Прошу прощения, что роюсь в своей жизни и в самом себе, дело в том, что все эти воспоминания еще живы у меня в душе и сознании, и если сердце мое еще бьется в груди, то лишь благодаря этим воспоминаниям. Иная сторона моей жизни — это только борьба за хлеб насущный, и воспоминания о ней давно обесцветились в памяти, словно умерли, я отпустил их, и они разбрелись, как души усопших в вербное воскресенье: боюсь, что не смогу никогда собрать их снова, да и не знаю, нужно ли это, не нагонят ли они скуку на читателя, возьмись я вдруг о них писать. Впрочем, оставим все это в стороне и вернемся к моей дудочке, к отцу и зыбким лесным сумеркам.

Услыхав, как медные колокольцы невидимого овечьего или козьего стада и глиняная окарина рассыпают свои звуки среди зыбких теней весеннего леса, я замер, перестал дудеть в дудочку. Тропинка здесь разделялась на две: одна сворачивала к небольшому роднику, прятавшемуся в прошлогодней листве — казалось, он укутал свои ноги рыжей мохнатой буркой, — а вторая тропинка убегала через высокий лес к медным колокольцам и окарине, в сторону Моисеева заказника. «Подожди меня здесь, — сказал мне отец, и я заметил, что у него загорелись глаза. — Пойду кое-что проверю, может, срублю по дороге какое деревце. А ты отдохни тут малость, попей, подуди в свою дудочку и жди…» С этими словами он пошел по тропинке и исчез за деревьями. Сначала я слышал его шаги, потом они затихли. Слышался лишь медный перезвон колокольцев и насвистывание окарины.

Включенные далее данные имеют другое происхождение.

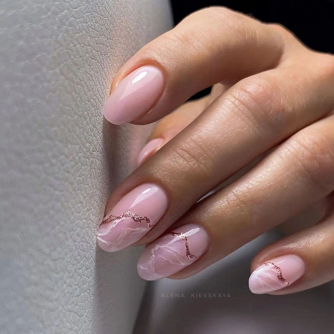 Мраморный розовый дизайн ногтей
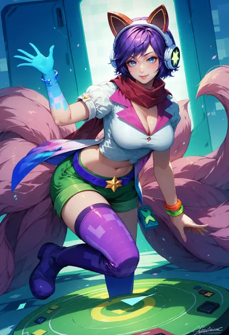 ahriarcade, animal ear headphones, fox tail, multiple tails, facial mark, mole under eye, short hair, purple hair, blue eyes, blue hand, large breasts, red scarf, short sleeves, striped clothes, shirt, cleavage, bracelet, jewelry, midriff, Navel, belt, Shorts, thighhighs, asymmetrical legwear, single thighhigh, star (symbol), purple boots
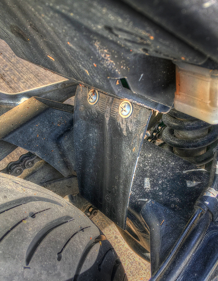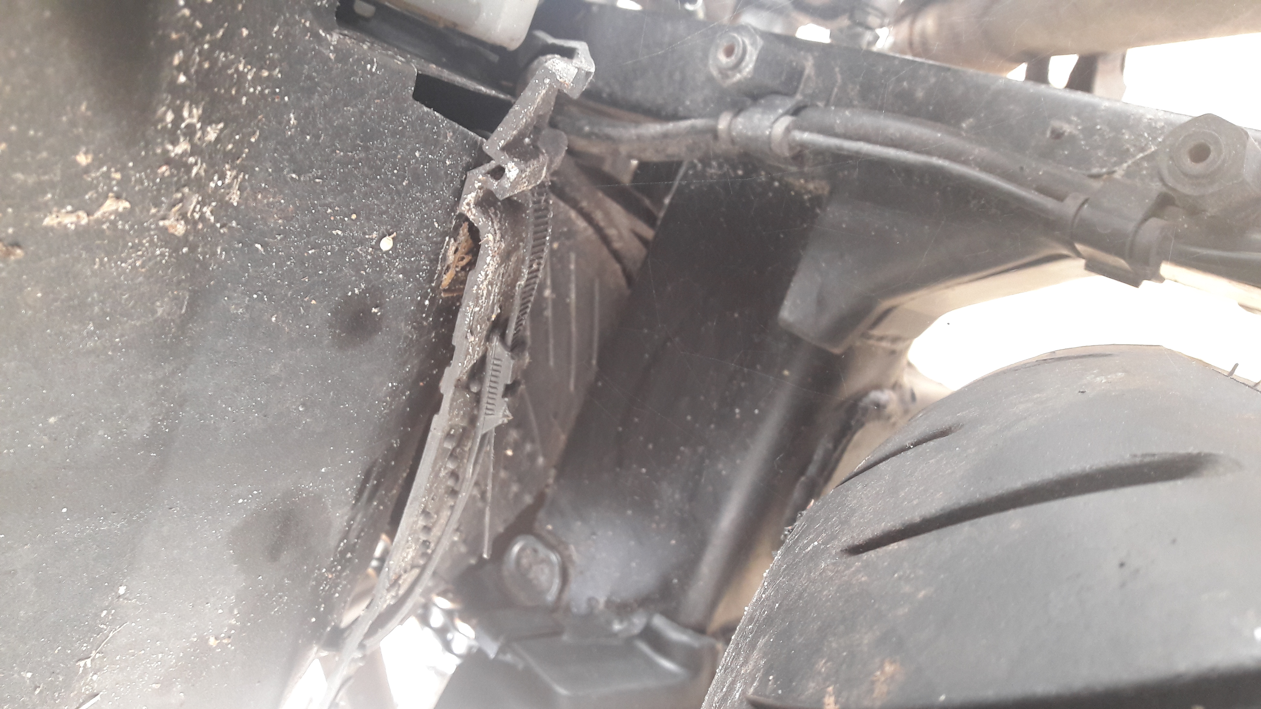 Par contre, c'est un nid à gravillon entre la jonction du lèche roue et le protège chaîne, à hauteur du repose pied passagé.
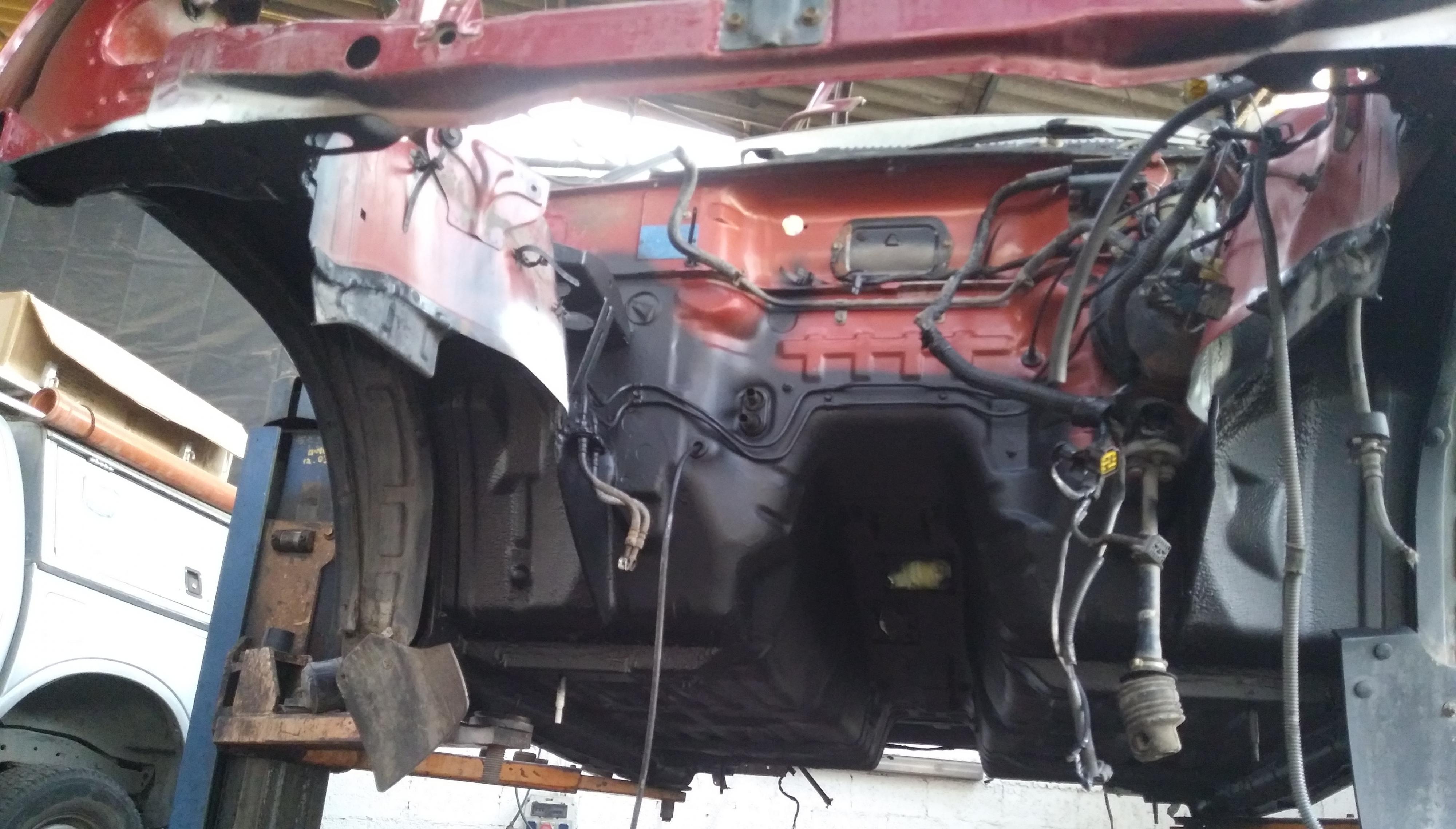 כל האבזור הפנימי נשלף החוצה כהכנה לציפוי רצפת המרכב בדיינאמט:
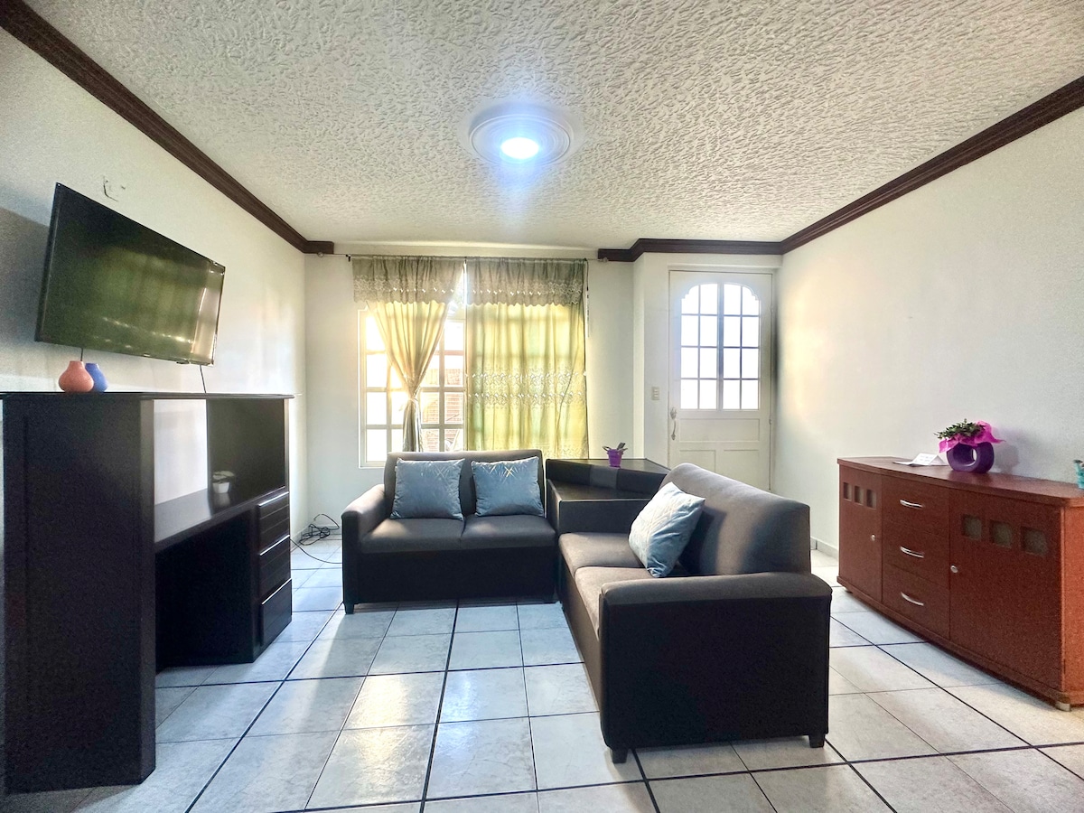Desconecta tus preocupaciones en este espacio amplio y tranquilo que cuenta con las amenidades necesarias para que pases unas vacaciones fabulosas! La casa cuenta con sala, comedor, cocina, 4 habitaciones (1 en planta baja), 2 baños completos, centro de lavado y cochera para un auto. Estamos ubicados a 15 min en coche del centro histórico y una Soriana a 4 cuadras.

О чем я подумал в ту минуту?

Подумал я в ту минуту о том, что отец ведет меня в дурман-траву, оставил вот отдохнуть малость у родника, напиться воды, а сам пока проверит, туда ли ведет дорожка и чьи это колокольца звенят — не стадо ли исчезнувшей козарки. Я надеялся, что услышу, как марширует исчезнувший взвод или как зазвенит телега исчезнувшего возчика, но ничего такого слышно не было. Я посидел-посидел, заиграл на дудочке и пошел к роднику. Иду, но сам прислушиваюсь к колокольцам и окарине. Жду, вот-вот выйдет отец из чащи и шепотом скажет мне: «Пошли, Лазар, нам сюда!»

Почему отец должен был сказать эти слова шепотом, не знаю, но так мне казалось.

Подхожу к воде — родник смотрит на меня, как живой, зеленые отсветы пляшут по нему, солнечный луч то там, то тут проникает до самого дна, всплывают и тонут светлые песчинки. Я прячу дудочку в карман, мне хочется пить (глядя на такой родник, обязательно захочешь пить), но чувствую, что-то мне не по себе — вроде наблюдает за мной кто-то. И, только когда нагнулся к воде, заметил, как плюхнулся в родник лягушонок, замутил у меня перед носом воду и шмыгнул под дубовый листок, упавший на дно. Я дождался, пока вода снова стала прозрачной, увидел свое отражение и, пока, стоя на четвереньках, пил, все смотрел, как из-под дубового листка таращит на меня глаза лягушонок.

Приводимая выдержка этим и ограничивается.